Four state departments dismissed by SCOPA: accountability is teetering on the brink of collapse in Limpopo
Statement released by me Desiree van der Walt, MPL, Leader of the DA, Limpopo Province
Four state departments were dismissed last week from the meetings of the Standing Committee on Public Accounts (SCOPA) for their failure to implement its resolutions ordering them to, among other things, blacklist companies belonging to state employees and doing business with state departments without requisite approval. These departments are Treasury, the Legislature, department of Health and the department of local government and housing. This is the second time that these departments appeared before SCOPA and failed to account for the measures they took to implement SCOPA resolutions.
Failure by these state departments to implement SCOPA resolutions should not be a surprise. It means that accountability is teetering on the brink of collapse in Limpopo. These state employees have vested financial interests in state business contracts. Because these resolutions have already been adopted by the provincial parliament, failure to implement them is in fact contempt of parliament. Consequently, the Democratic Alliance will be writing to the Speaker to seek his intervention in this debacle. There must be punitive measures taken against state departments who fail to implement parliaments directives. It is simply not enough as SCOPA Chairperson, mr Ngobeni has done, to dismiss the defaulting departments, call them for a later meeting and order them to incur the costs of such meetings. It is taxpayers’ money that they will be wasting, a more stringent measure is appropriate.

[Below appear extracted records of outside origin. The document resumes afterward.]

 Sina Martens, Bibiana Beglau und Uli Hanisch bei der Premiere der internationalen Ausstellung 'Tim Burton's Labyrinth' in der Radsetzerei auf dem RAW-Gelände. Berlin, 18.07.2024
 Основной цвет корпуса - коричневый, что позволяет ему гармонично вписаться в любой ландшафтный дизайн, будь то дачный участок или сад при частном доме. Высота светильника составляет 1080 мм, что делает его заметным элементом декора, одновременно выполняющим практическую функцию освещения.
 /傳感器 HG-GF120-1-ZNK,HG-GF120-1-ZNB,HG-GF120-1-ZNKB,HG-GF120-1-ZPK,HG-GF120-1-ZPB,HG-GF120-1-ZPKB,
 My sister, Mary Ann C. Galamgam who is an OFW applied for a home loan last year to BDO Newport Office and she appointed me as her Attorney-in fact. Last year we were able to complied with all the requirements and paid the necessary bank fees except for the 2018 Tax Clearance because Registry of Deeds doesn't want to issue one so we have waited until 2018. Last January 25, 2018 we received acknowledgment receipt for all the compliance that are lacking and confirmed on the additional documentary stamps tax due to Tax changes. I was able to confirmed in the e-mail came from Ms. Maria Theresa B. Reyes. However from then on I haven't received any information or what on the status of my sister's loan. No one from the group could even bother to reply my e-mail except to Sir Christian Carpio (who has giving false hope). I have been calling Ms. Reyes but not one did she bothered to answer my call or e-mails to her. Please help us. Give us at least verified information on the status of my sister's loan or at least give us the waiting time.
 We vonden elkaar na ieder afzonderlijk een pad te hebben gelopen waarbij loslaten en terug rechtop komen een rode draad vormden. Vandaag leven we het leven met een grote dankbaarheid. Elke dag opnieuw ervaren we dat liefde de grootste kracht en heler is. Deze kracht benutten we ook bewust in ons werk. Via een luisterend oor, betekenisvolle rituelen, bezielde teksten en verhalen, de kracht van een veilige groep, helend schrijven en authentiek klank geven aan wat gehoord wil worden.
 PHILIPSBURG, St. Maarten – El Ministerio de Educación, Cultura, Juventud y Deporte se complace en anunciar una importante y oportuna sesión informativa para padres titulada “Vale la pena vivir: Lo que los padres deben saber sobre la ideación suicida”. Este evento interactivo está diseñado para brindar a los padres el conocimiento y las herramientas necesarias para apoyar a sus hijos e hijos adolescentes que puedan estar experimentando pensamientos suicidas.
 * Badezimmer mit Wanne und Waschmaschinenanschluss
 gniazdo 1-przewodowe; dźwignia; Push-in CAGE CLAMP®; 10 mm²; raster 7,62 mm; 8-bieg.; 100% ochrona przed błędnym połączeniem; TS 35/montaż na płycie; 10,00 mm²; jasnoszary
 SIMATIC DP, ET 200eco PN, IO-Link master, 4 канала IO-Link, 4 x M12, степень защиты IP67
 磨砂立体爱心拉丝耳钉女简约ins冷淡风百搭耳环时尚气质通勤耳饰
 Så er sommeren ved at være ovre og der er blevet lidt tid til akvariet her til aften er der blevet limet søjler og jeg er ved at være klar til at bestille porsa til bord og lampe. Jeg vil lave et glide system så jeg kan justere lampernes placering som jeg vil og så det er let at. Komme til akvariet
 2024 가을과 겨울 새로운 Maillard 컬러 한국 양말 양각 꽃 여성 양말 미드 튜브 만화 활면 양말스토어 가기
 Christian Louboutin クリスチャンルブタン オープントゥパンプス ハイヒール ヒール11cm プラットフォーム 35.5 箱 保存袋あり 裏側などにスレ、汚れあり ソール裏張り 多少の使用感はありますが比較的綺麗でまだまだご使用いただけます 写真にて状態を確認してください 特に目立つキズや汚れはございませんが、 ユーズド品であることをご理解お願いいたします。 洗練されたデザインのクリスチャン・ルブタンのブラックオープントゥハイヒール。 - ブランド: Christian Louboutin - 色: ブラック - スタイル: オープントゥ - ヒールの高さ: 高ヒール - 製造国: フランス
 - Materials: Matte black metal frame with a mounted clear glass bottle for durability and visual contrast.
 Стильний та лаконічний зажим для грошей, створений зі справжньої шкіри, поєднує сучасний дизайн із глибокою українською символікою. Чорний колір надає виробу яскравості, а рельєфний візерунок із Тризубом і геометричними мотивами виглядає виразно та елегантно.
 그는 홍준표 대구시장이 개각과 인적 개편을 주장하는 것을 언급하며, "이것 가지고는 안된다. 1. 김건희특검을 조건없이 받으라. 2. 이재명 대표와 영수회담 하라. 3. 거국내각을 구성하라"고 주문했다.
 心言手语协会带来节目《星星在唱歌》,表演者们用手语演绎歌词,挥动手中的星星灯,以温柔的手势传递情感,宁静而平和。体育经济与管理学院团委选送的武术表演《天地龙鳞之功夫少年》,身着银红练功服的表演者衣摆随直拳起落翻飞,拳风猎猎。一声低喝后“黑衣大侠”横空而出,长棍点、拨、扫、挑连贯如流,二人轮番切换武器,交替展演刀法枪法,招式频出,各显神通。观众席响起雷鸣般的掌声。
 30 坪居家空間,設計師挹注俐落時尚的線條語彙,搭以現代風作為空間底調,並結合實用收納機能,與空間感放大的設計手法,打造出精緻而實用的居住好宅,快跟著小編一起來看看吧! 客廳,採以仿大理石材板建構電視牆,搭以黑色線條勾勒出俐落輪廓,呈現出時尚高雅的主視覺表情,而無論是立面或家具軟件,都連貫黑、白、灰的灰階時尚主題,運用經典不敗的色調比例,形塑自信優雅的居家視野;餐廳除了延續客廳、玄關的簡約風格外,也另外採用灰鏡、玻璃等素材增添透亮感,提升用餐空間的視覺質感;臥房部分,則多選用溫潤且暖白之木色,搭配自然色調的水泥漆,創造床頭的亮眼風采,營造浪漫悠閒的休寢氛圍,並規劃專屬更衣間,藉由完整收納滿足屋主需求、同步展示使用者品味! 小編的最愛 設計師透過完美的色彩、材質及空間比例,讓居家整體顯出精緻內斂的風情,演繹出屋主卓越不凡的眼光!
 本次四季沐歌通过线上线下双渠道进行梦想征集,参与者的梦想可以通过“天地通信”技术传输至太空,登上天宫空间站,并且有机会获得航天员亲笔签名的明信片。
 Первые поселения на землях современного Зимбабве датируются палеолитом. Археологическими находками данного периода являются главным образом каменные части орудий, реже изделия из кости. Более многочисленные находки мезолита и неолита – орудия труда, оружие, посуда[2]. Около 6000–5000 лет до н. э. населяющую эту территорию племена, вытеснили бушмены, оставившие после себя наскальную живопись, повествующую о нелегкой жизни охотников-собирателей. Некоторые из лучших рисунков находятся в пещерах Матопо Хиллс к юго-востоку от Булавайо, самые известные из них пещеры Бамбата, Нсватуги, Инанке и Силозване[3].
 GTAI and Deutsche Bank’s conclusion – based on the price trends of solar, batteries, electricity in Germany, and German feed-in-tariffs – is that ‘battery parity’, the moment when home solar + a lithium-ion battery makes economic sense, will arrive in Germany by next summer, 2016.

In 2009 the Auditor-General issued a performance audit of entities that are connected with government employees and do business with the state. It found our Province to be the worst offender with 929 employees associated with 1240 companies which did business with state departments to the value of over R269 million. Of these employees only eight had a verifiable approval by the department concerned. The Democratic Alliance had a solution to this. They have submitted a private members bill (a manner in which a member of the legislature may introduce a bill for discussion), a piece of legislation if adopted would regulate the way in which state employees do business with government departments. This law would curb the scope of corruption in Limpopo Provincial administration. To recap, this bill would introduce the following measures: Provincial government employees and their families will be prohibited from directly or indirectly holding more than 5% of shares, stock, membership or other interests in an entity that does business with the provincial government, unless in certain circumstances.
Secondly, before the provincial government enters into any contract with an entity for the sale, lease or supply of goods and services, the entity must provide an affidavit disclosing whether or not it is owned or part-owned by employees of the Limpopo government and lastly, all provincial government employees will be required to disclose their business interests at prescribed intervals, in the same way that members of the Executive Council already do so.
However, as expected, the ruling party simply shelved this Bill until the DA was informed that upon the recent departure of the introducing member, mr J Smalle, who is now in the national parliament, this bill has been expunged. These are the time delaying tactics the DA has warned about when they introduced the Bill. The ruling party is not serious about service delivery, all they care about is enriching themselves, their families and cronies through lucrative state contracts.